Совпадение, взаимопроникновение напряженных, как тетива лука, как натянутая струна лиры, воюющих друг с другом противоположностей и образует гармонию, управляемую вселенским огненным Словом — Логосом. Здесь дана вечно тревожная, все определяющая музыка бытия. Тут все сурово, гордо, красиво, неприступно. И человеческая мысль делает еще наивную попытку поймать и разгадать эту неизбывную тайну и правду вечного становления и вечной борьбы. Мир только кажется хаосом, но за всем этим есть неясный порядок и красота, скрытая пульсация и гармония, определенная закономерность, которая подобна порядку шахматной игры.
Лик вселенной Гераклита — это и озаренный жаркими, яркими сполохами огня страшный, ироничный в своей неуловимой изменчивости и неумолимой предопределенности всего хода вещей Лик Силена, но это и лицо ребенка — наивное, улыбчивое и непосредственное дитя, не знающее правил мировой шахматной баталии, но забавляющееся перестановкой и сменой фигур.
Вселенная Гераклита — это не просто текучий мир вещей, это сам процесс диалектической текучести, который, впрочем, никогда не доходит до абсолютного релятивизма скептиков и софистов. Его диалектика — это диалектическое, гармоническое сочетание устойчивого и изменчивого в вещах.

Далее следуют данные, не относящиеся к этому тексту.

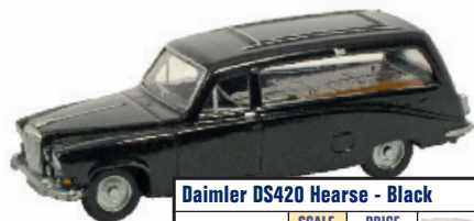
Daimler DS420 Hearsé - Black

A lovely addition to our 1:76 range comes in the form of a Royal Daimler Hearsé. With an extended wheelbase, this majestic looking vehicle would have been seen at funerals of the aristocracy.

У Гераклита особые заслуги перед диалектикой. Выше уже говорилось, что диалектическое миропонимание характерно для всех вообще античных натурфилософов. Однако ни у одного из них сам объективный, диалектический процесс как таковой не был центром внимания, их интересовали более частные проблемы. Гераклитовское же учение не определяется целиком ни Логосом, ни Огнем, его не занимала ни гармония сама по себе, ни структура материи. Предмет его философских исследований можно исчерпывающе определить только понятием диалектика.
Вот почему великий диалектик западной философии Гегель изрек, приступая к изложению гераклитовского учения: «Здесь перед нами открывается новая земля; нет ни одного положения Гераклита, которого я не принял в свою «Логику»[142].
Диалектика Гераклита предстала как предмет созерцания, как диалектика самого объекта. Но она еще не предстала со своей активно-субъективной стороны, методом познания. Гераклит облек мир в диалектически подвижные формы, и это, конечно, было подвигом познания, но неосознанным и неосмысленным подвигом. Следующей задачей должна была быть разработка системы диалектических категорий, соответствующей диалектике объекта, создание диалектики как логики и как метода познания. Над решением ее трудились многие поколения философов вплоть до Гегеля и Маркса. Первый же крупный шаг в этом направлении сделал Зенон Элейский.
Зенон прославился в истории мысли как автор «апорий» (затруднения мысли, недоумения, парадоксы, когда сталкиваются два противоположных утверждения), за что получил прозвище «двуязычного». Эта двойственность запечатлелась уже в самой оценке его идей. Зенон, по-видимому, единственный мыслитель на Земле, который всерьез утверждал, что движения не существует, оно невозможно в принципе. Столь экстравагантное суждение было веским основанием, чтобы зачислить Зенона в ряды метафизиков под номером первым. Тем не менее уже его современники, и, в частности, Перикл и Сократ, учились у Зенона не чему-нибудь, а именно искусству диалектического мышления, и именно Зенону Аристотель присвоил титул «изобретателя диалектики».
Уже в самих этих столь противоречивых оценках есть апория, которую также требуется разрешить. Но обратимся сначала к ходу рассуждений самого Зенона.
Мы уже знакомились с учением элейца Парменида, по которому бытие есть единая, неделимая и покоящаяся сущность мироздания, постигаемая только мышлением, а не чувствами, в отличие от явлений — достояния «туманного мнения смертных». Зенон был верным учеником и любимцем Парменида, и он направил всю силу гибкого ума на доказательство этого утверждения своего учителя, которое вызывало немало насмешек и нареканий. Однако Зенон подошел к проблеме с другой стороны: он утверждал, что в «бытии» отсутствует множество и отсутствует движение.